Храбрунов был заместителем директора комбината по быту, я его видел раз: сидел на стуле перед столом инспекторши в отделе кадров, дверь вдруг с грохотом распахнулась, и на пороге, держась за ручку, встал квадратный нахмуренный мужик с длинными, падающими на лоб черными волосами. Он оглядел замершую комнату быстрым резким взглядом, сказал, ни к кому не обращаясь, недовольным громким голосом: «И здесь нет!» — и влупил дверь обратно в косяк.

— Дурацкая смерть… точно, — сказал я. — А тебе ногу не по-дурацки оторвало?

— А! — махнул рукой Макар Петрович. — У меня все по-дурацки, что толковать. Сестры Смирнихины родили. В один день. А?! Это вот да!

— Ну?! Действительно, да так да. — На мгновение, пробившись сквозь мрачную тяжелую раздражительность, во мне поднялось искреннее удивление. Сестры Смирнихины жили в нашем общежитии, обе работали крановщицами, обе в один день вышли замуж — это понятно. Но чтобы умудриться и родить в один день!..

— Старшая, правда, недовольна, — снова хохотнув, сказал Макар Петрович. — У нее на три часа позднее — обидно!
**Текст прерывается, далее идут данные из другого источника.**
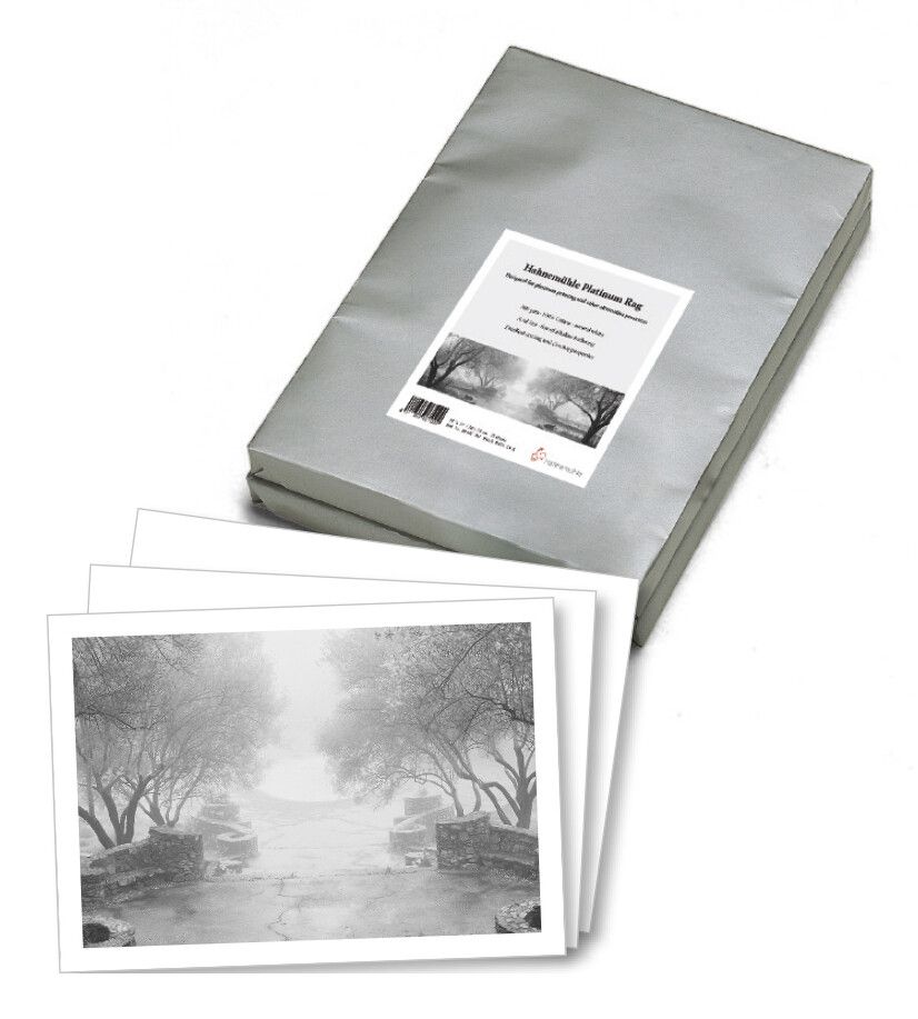 Hahnemühle Platinum Rag is an uncoated fine art paper. It is designed to meet the highest quality requirements for platinum printing and any other non-traditional photographic printing processes like Palladium, Van Dyke, Cyanotype and Salt Prints. The natural bright white paper with a weight of 300 gsm is made of 100% cotton fibres. It is acid free and does not contain any alkaline buffering. Along with the optimised sizing, the paper allows for easy coating and clearing for alternative processes.
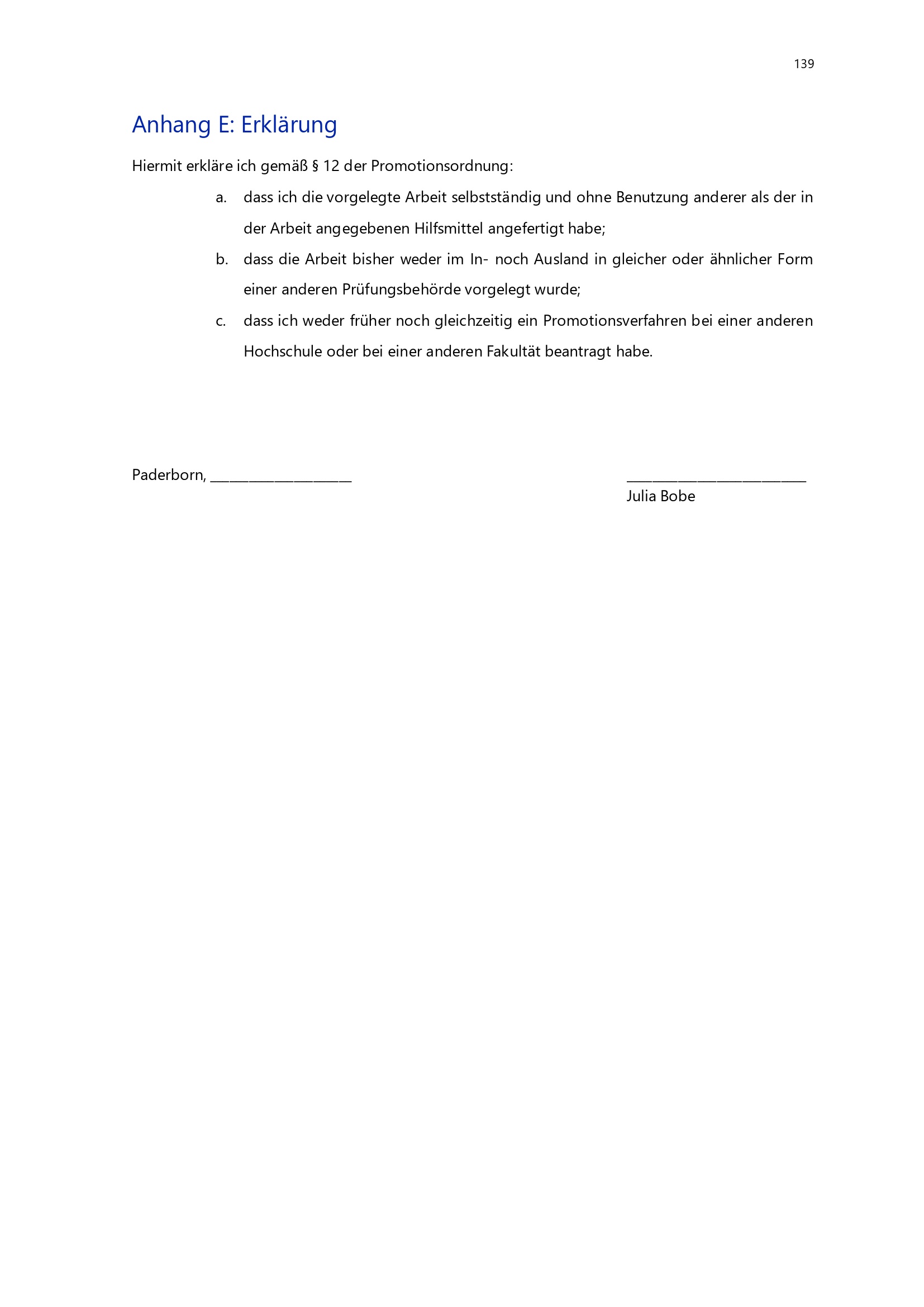 Anhang E: Erklärung

Джакомо Леопарди, из серии «История эстетики в памятниках и документах» купил, — без всякого перехода, вспомнив и чтоб не забыть, хвастливо сообщил он. — Прекрасная книга.

— А кто он такой, Джакомо Леопарди? — спросил я.

— Не знаешь? А я думал, знаешь, — смущенно пристукнув деревяшкой о пол, сказал Макар Петрович. — Там написано, в предисловии, известный итальянский поэт девятнадцатого века, ну да не в том дело. Умная книга. Прямо философия целая. Потом дам тебе.

— Спасибо. — У меня не получалось поддерживать разговор, и я боялся, что Макар Петрович как-нибудь не так истолкует мои куцые односложные ответы и обидится. Правда, едва ли он может обидеться на это, но все равно… — С удовольствием почитаю, Макар Петрович, — заставил я себя добавить.

Мы дружим с ним — если это слово уместно, чтобы определить отношения людей, не связанных между собой никаким делом, никакими общими интересами, а одной лишь взаимной симпатией, — полтора уже года. Впрочем, нас связывают книги. Когда-то, в детстве и ранней юности, я читал как одержимый, кажется, я полагал тогда, что смысл жизни в том и состоит, чтобы прочитать книг как можно побольше. Я напичкался мировой и отечественной литературой до того, что, не успевая перевариваться, она торчала у меня из горла изжеванным бумажным комом, и потом у меня долго было несварение — я не брал в руки ни одной книги лет пять. Теперь, с трудом вспоминая писателей и названия, я начинаю все это медленно перечитывать, обнаруживая с удивлением, что, не помня деталей, помню главное — запах, цвет и вкус. Вид книги вновь, как в давнюю пору, только по-иному, не с такой раздражающей силой, вызывает во мне лихорадочное волнение, словно бы что-то посасывает от него под ложечкой — нужно подойти, посмотреть, взять… И каково же было мое удивление — не удивление, нет, я обомлел, — когда увидел, оказавшись у коменданта, многочисленные этажерки с книгами.. Казалось, вся его небольшая квартирка — две обычные общежитские комнатушки, соединенные прорубленной в стене дверью, — была заставлена этими темными от времени, решетчатыми этажерками, никем уже не производящимися, каких уже нигде и ни у кого не увидишь. Сугубо научные и профессиональные, непонятно для чего необходимые коменданту рабочего общежития, вроде «Теории механизмов и машин», безгрешно соседствовали на этих этажерках с «Опытами» Монтеня и «Золотым ослом» Апулея.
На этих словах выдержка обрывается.